People with muscle aches and pains could also have the virus. How will you be able to screen those people out?
Not even using thermal scanners will help.
No screening questions or processes can 100% rule out that the person does not have the virus.
Having waivers won’t protect you either from what I understand. They need to be written carefully by lawyers. I wonder if AMTA and ABMP have their attorneys on this to write effective waivers for their members?
Will your liability insurance cover you if the virus is spread through your office? How will anyone ever be able to track that? They are. The first wave of lawsuits are being filed now according to the news.
Should you wear them when you get back to the office? What kind? Will the home made masks protect you enough?
The wearing of face masks is more about protecting others from getting the virus in case you unknowingly have the virus (which is generally the case as people are contagious for 2-14 days before they show symptoms.)
The N95 masks will protect You from getting the virus but they need to be properly fitted and worn properly in order to do that.
The CDC guidance stated that masks are primarily meant to prevent the spread of disease from the wearer to others. The CDC has moved to recommending home made masks mainly because the other masks cannot be found anywhere and are needed for the frontline workers who are exposed to the virus.
CMS has this to say about facemasks for Recommendations Re-opening Facilities to Provide Non-emergent Non-COVID-19 Healthcare: Phase I
Consistent with CDC’s recommendations for universal source control, CMS recommends that healthcare providers and staff wear surgical facemasks at all times. Procedures on the mucous membranes including the respiratory tract, with a higher risk of aerosol transmission, should be done with great caution, and staff should utilize appropriate respiratory protection such as N95 masks and face shields.
•Patients should wear a cloth face covering that can be bought or made at home if they do not already possess surgical masks.
•Every effort should be made to conserve personal protective equipment.
The WHO still says you on their website that you do not need to wear a mask unless you are taking care of an infected person. I did some searching though and found that it was mentioned in one of their briefings on April 3.
It doesn’t negate the need for everyone to protect themselves and try to protect others so we can certainly see circumstances in which the use of masks, but home-made or cloth masks, at community level may help in an overall, comprehensive response to this disease and we will support governments in making those decisions based on the situation they find themselves in in terms of transmission, based on the context in which they’re dealing and the resources they have at their disposal.
WA State massage therapists are still considered essential workers and the Department of Health (PDF) has provided specific direction for working on clients and cleaning offices.
Ensure that massage therapists have the following personal protective equipment (PPE) and are familiar with its use: facemask (surgical mask with ear loops or mask with ties), eye protection (for example, goggles or disposable face shield that covers front and sides of face), gown, and Updated April 27,2020clean, nonsterile gloves. Alternatively to a gown or other covering, massage therapists can change clothes after each massage.
CDC’s Optimizing the Use of PPE provides guidance on actions to take when PPE is short or you do not have PPE, including contingency and crisis strategies. Using crisis measures is not ideal and could put health care providers at risk for disease.

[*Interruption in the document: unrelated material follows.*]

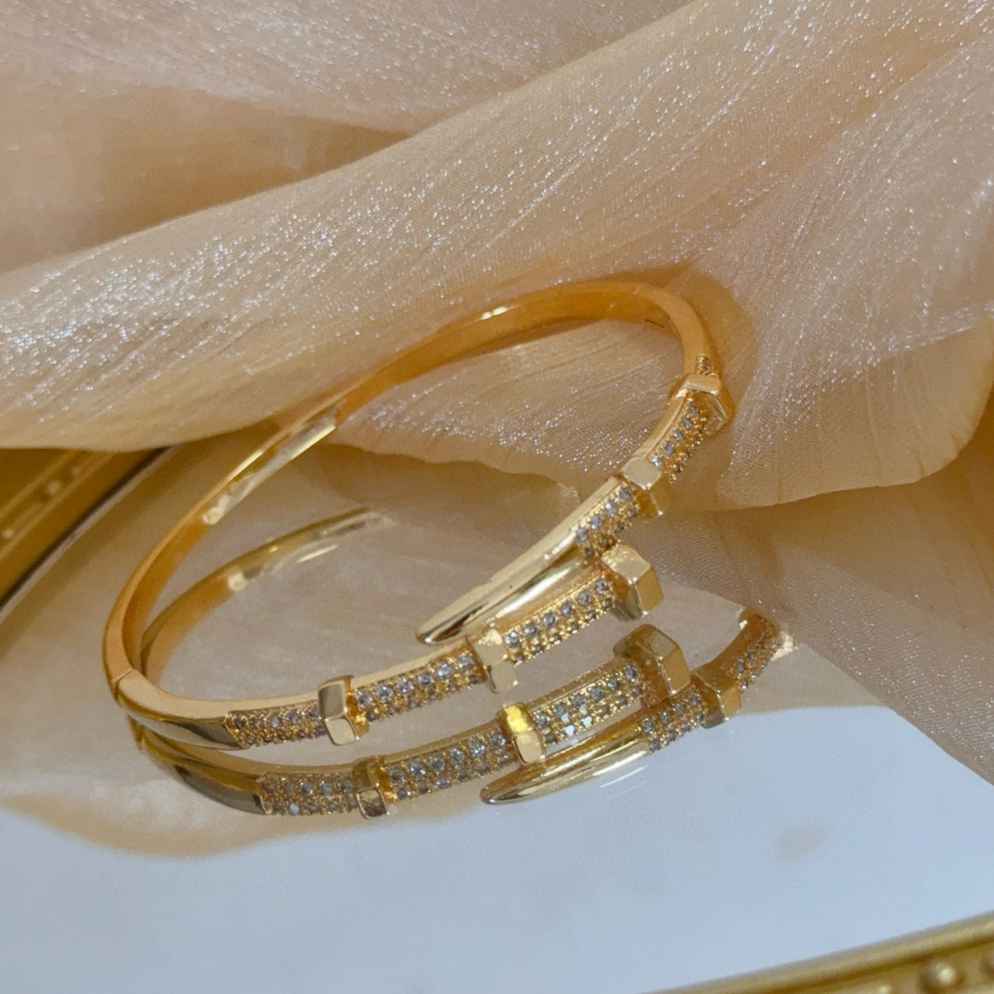 The design reimagines a nail as luxury jewelry: the bangle features a “nail head” motif (fully encrusted with pavé-set round diamonds) and diamond-pavé detailing along the band, paired with geometric gold accents for a bold, industrial-chic silhouette.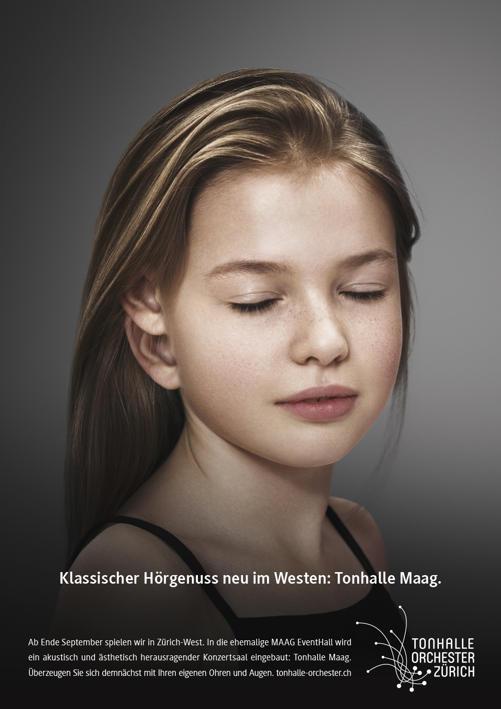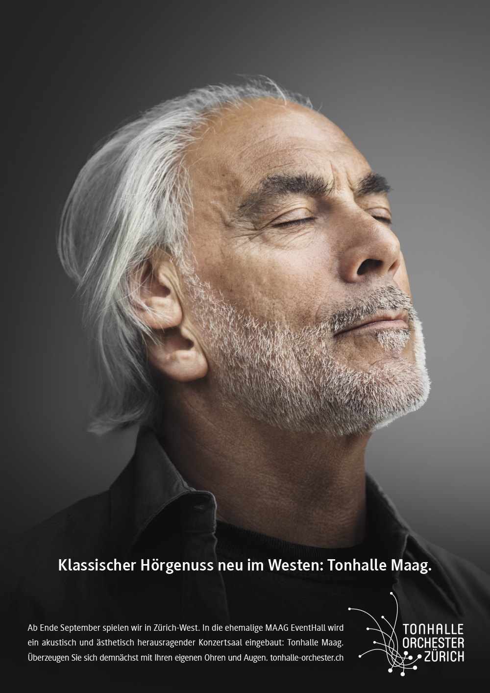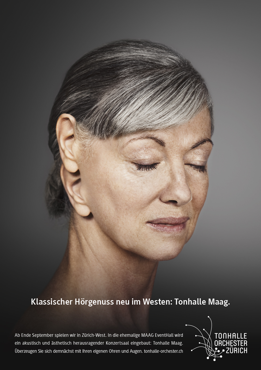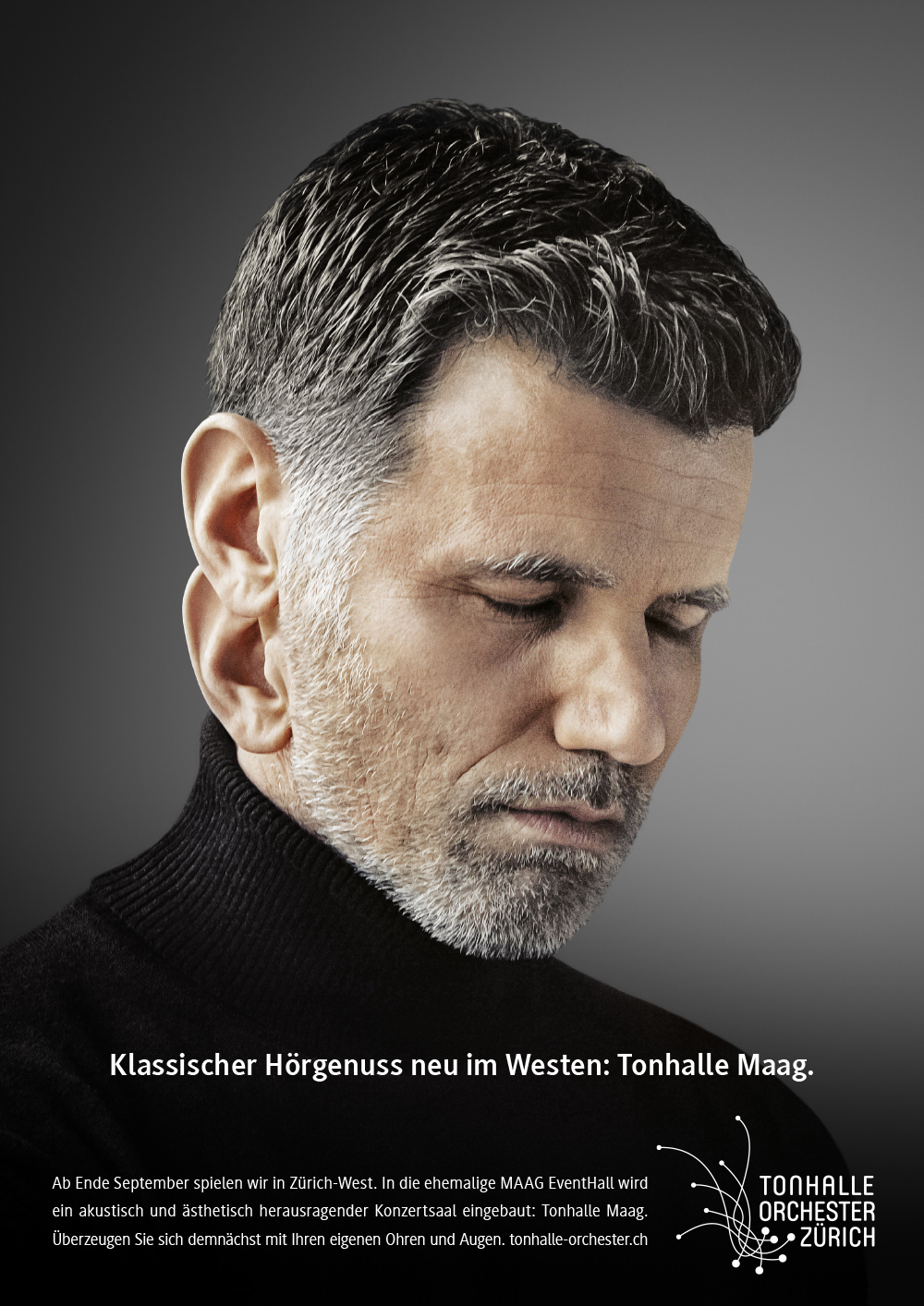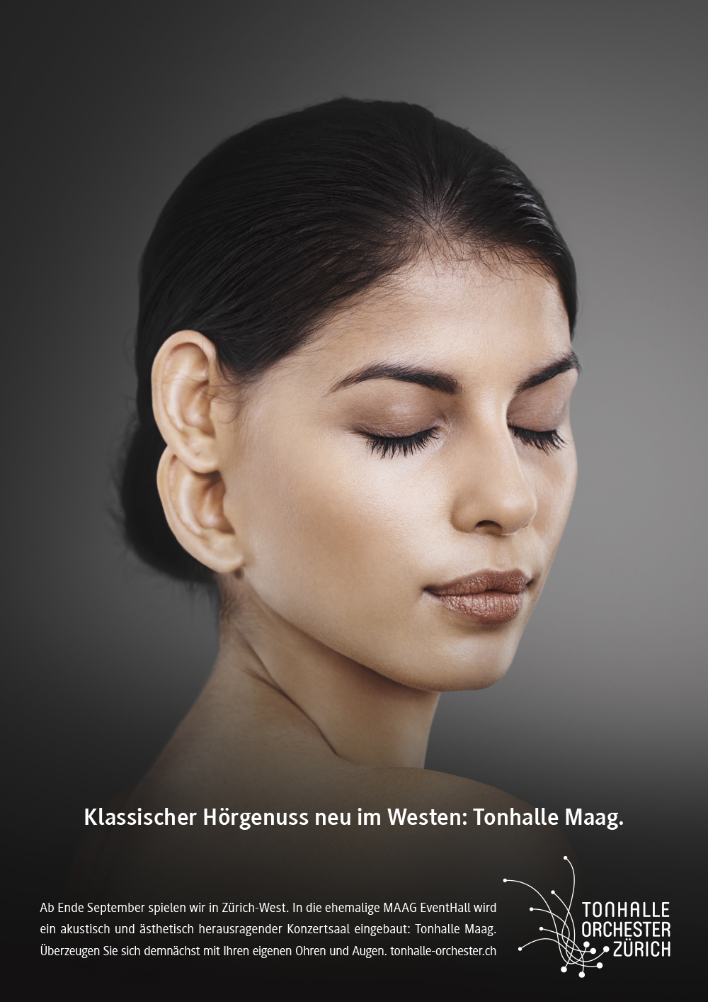 Auch die Kampagne für die neue Spielstätte in Zürich-West fällt durch einen überraschenden Zugang zum Thema auf. Unter dem Motto „Klassischer Hörgenuss neu im Westen“ werden in die Musik versunkene Konzertgängerinnen und Konzertgänger gezeigt, deren Ohren bereits ganz nach Westen ausgerichtet sind.

Provide a face mask or cloth face covering for each patient to wear during the entire treatment.
Other resources on masks:
WHO – Advice on the use of masks in the context of
COVID-19 6 April 2020 |
CDC – Use of Cloth Face Coverings to Help Slow the Spread of COVID -19
Understanding the difference it types of masks -CDC
MSNBC video of how much masks protect you.
Cleaning and Preparing the Office
Think about everything that you touch on the way to the office. Think about everything that a client touches on the way to the massage office. Think about doorknobs, shoes, clothes and everything.

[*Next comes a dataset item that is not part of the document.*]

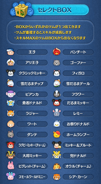 今回のセレクトBOXのラインナップは以下のツムが対象になっています。

Can you effectively clean and manage everything?
Taking things out of your room like carpets and cloth furniture might help.
Will air filters and UV lights help with keeping your office clean?
Is cleaning really enough to stop the spread? It is just one part of this.
Wearing gloves has not show to be necessary to limit the spread of Coronavirus since the virus is not transmitted through skin contact. If you wash your hands after every client and follow room cleaning procedures you should be OK.
What will it take for YOU to get back to giving massage?
The White House directives for reopening call for specific things to happen before reopening. Many states are not following the orders and have gone rogue. States like WA are following the science in hope that we only have to do this once! We need to have a consistent reduction of cases in each state and have the downtrend for 14 days consistently. We need adequate testing to be able to test everyone who needs or wants one to show they are not infected. (My neighbor was just tested and was told they were negative and the doctor said the negative tests were 30-40% incorrect so there is that to deal with and no one is talking about it.)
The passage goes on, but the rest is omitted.